Thank you very much.
Thank you very much, Victor. I'm sure your mother
would have been impressed by your impeccable timing as well.
It's my pleasure now,
and some of us had the privilege of meeting him this morning.
Some of you are new to our event today, in which case this is my opportunity
to welcome you if you've just joined for the afternoon.
I'd like to introduce Mike Adams.

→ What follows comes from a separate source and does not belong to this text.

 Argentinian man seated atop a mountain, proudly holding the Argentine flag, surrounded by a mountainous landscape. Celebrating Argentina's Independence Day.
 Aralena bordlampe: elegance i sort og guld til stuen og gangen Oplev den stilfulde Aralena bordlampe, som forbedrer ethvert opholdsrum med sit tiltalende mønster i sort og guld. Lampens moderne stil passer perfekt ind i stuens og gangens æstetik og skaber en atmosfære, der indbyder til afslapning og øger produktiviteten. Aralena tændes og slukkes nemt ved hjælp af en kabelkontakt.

Chair of Healthwatch Essex,
Mike is a leading authority on disability issues.
He's chief executive of the disability charity ECDP, and, most recently,
he's been made an ambassador by the government
for its programme to strengthen the real engagement of disabled people
as users and in driving user-led organisations.

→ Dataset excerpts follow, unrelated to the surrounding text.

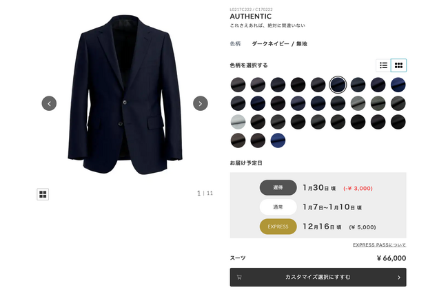 「遅得」でオーダースーツをご注文いただいた場合、割引が適用されます。割引価格は受注数や納期に応じて変動する、ダイナミックプライシングの手法を取り入れました。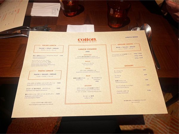 ランチメニューはサラダランチ(サラダ+スープ+ブレッド)、パスタランチ(3種類から選べるパスタ+サラダ+ブレッド)、ステーキのお肉の量を選べるグリルドランチ(メイン+サラダ+ブレッド)、ランチコース(前菜+ブレッド+パスタ+2種類から選べるメイン+デザート+コーヒーor紅茶)の4種類。気分で料理を選べるように用意されています。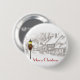 A black and white sketch of a Victorian village with the only colour being that of the street lamp and Christmas decorations. Reprinted on this holiday button.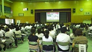 10月2日(木)私立高等学校保護者説明会を体育館で行いました。私立高等学校の進路担当の先生方から直接お話をうかがうことのできる貴重な機会とあって、生徒は真剣に耳を傾けていました。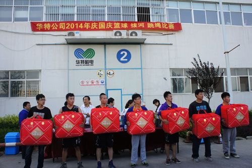 9月30日下午,為慶祝建國六十五周年,公司組織開展了大跳繩、籃球和拔河比賽。比賽中,參賽人員積極發(fā)揮,氣氛活躍,賽出了水平、賽出了風(fēng)格。比賽結(jié)束后,公司領(lǐng)導(dǎo)先后為優(yōu)勝者頒發(fā)了獎品。通過比賽,陶冶了廣大員工的思想情操,激發(fā)了大家的工作熱情。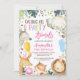 Chamando todos os animais de festa Safari Aniversário Convite Colorido Safari Termo do convite de aniversário com cinco animais da selva e três balões coloridos. Este convite de aniversário para todos os animais da festa também apresenta alguns chapéus de festa cor-de-rosa, verde, estrelas e um padrão de pintura de chita.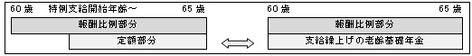 3) 特例老齢年金は、厚生年金保険法の規定の適用については、60歳台前半の老齢厚生年金とみなす*3。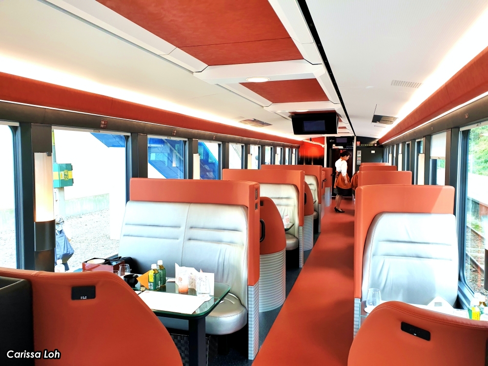 Car 1 seats 30 people, and features regular two by two seats, all of which have ample leg room, a padded orange head rest, and can be reclined. Windows are large and wide for you to enjoy the passing scenery of the sapphire sea and golden rice fields in autumn.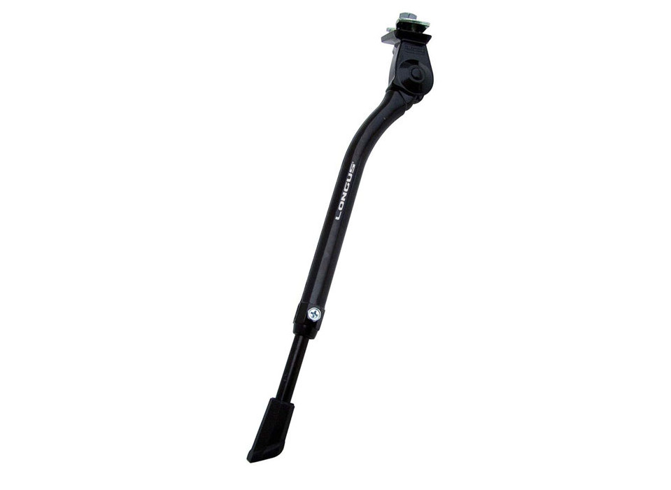 Подножка имеет функцию изменения длины и предназначена для велосипедов с размерами колес 22-28", устанавливается в центре рамы, может использоваться для велосипедов с дисковыми тормозами, имеет универсальное крепление, изготовлена из алюминия, черная.

Will you please, colleagues, welcome Mike Adams?
Thank you, Bill. I just wanted to use my five minutes this afternoon
really to reach out to those of you who are going to be involved in the delivery
of local Healthwatches over the next year, two years, three years.

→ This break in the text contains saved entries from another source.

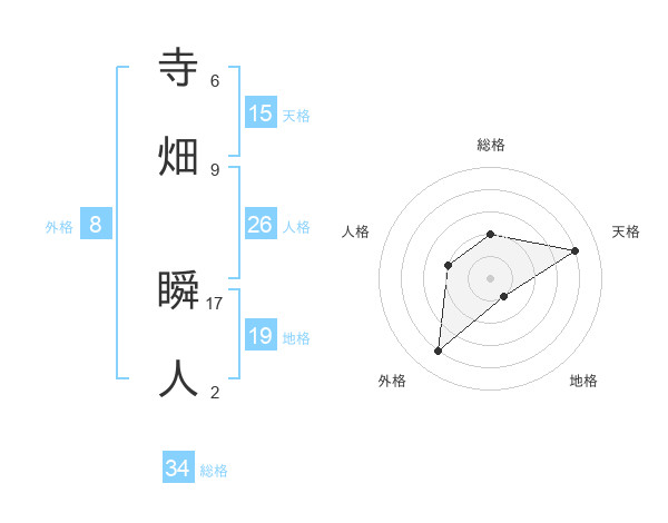 寺畑 瞬人さんを姓名の画数から五運を鑑定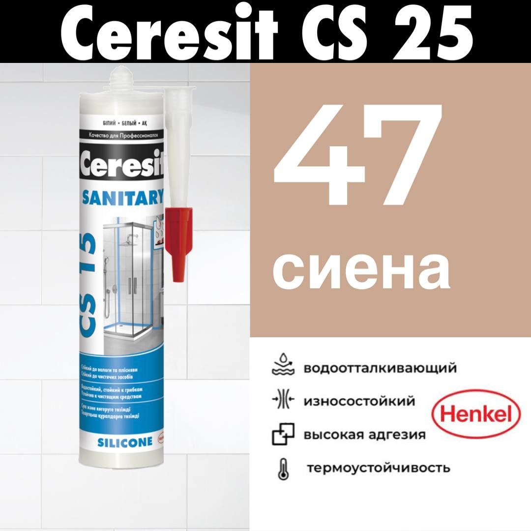 Затирка-герметик Церезит CS25 силиконовый санитарный 47 сиена 280мл (12 шт)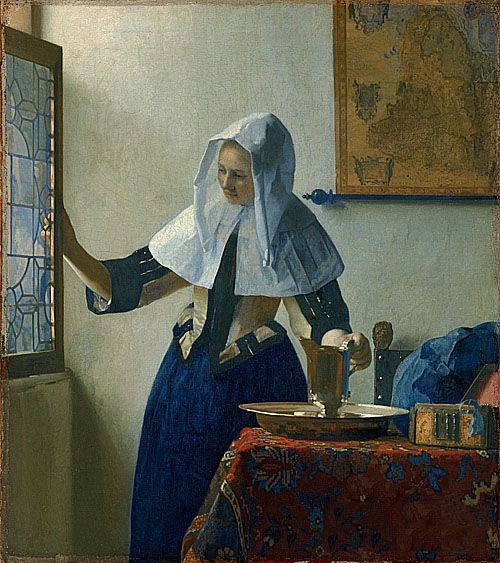 维米尔《拿水壶的年轻女子》作品介绍:外文名Young Woman with a Water Pitcher;画布,油彩oil on canvas;纵45.7厘米,横40.6厘米;作于1660 - 1667 年;藏于美国纽约大都会美术馆 Metropolitan Museum of Art, New York。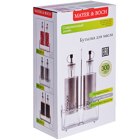 Набор бутылок для масла и уксуса MAYER & BOCH выполнена из высококачественного стекла. Изделие предназначено для хранения и использования различных растительных масел и уксусов. Оригинальность оформления бутылки украсит любую кухню и послужит отличным подарком! Изделие обладает гладкой непористой поверхностью, не впитывает запахи, легко моется. Объем: 2 х 300 мл.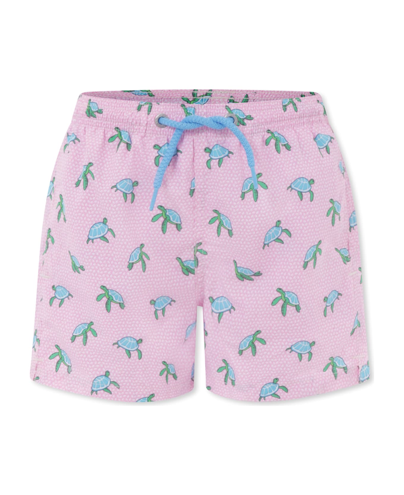 Pink recycled polyester swim shorts with elasticated waist, drawstring, side pockets and back flap pocket. They are embellished with all-over tortoise print and logo patch on the back.

I kind of think to myself, why did I get involved?
I was always interested in health,
and I decided that I wanted to give something back,
and the way to do that was to join the board of a local hospital.
So I became a non-executive.
The first appointment that I had as a non-exec
was to be responsible for complaints and compliments within the hospital.
And I can tell you that, actually, reading those complaints and compliments
actually really changed the way I felt about public service,
and really changed the way in which I was absolutely determined
that we needed, one, to improve where things had gone wrong.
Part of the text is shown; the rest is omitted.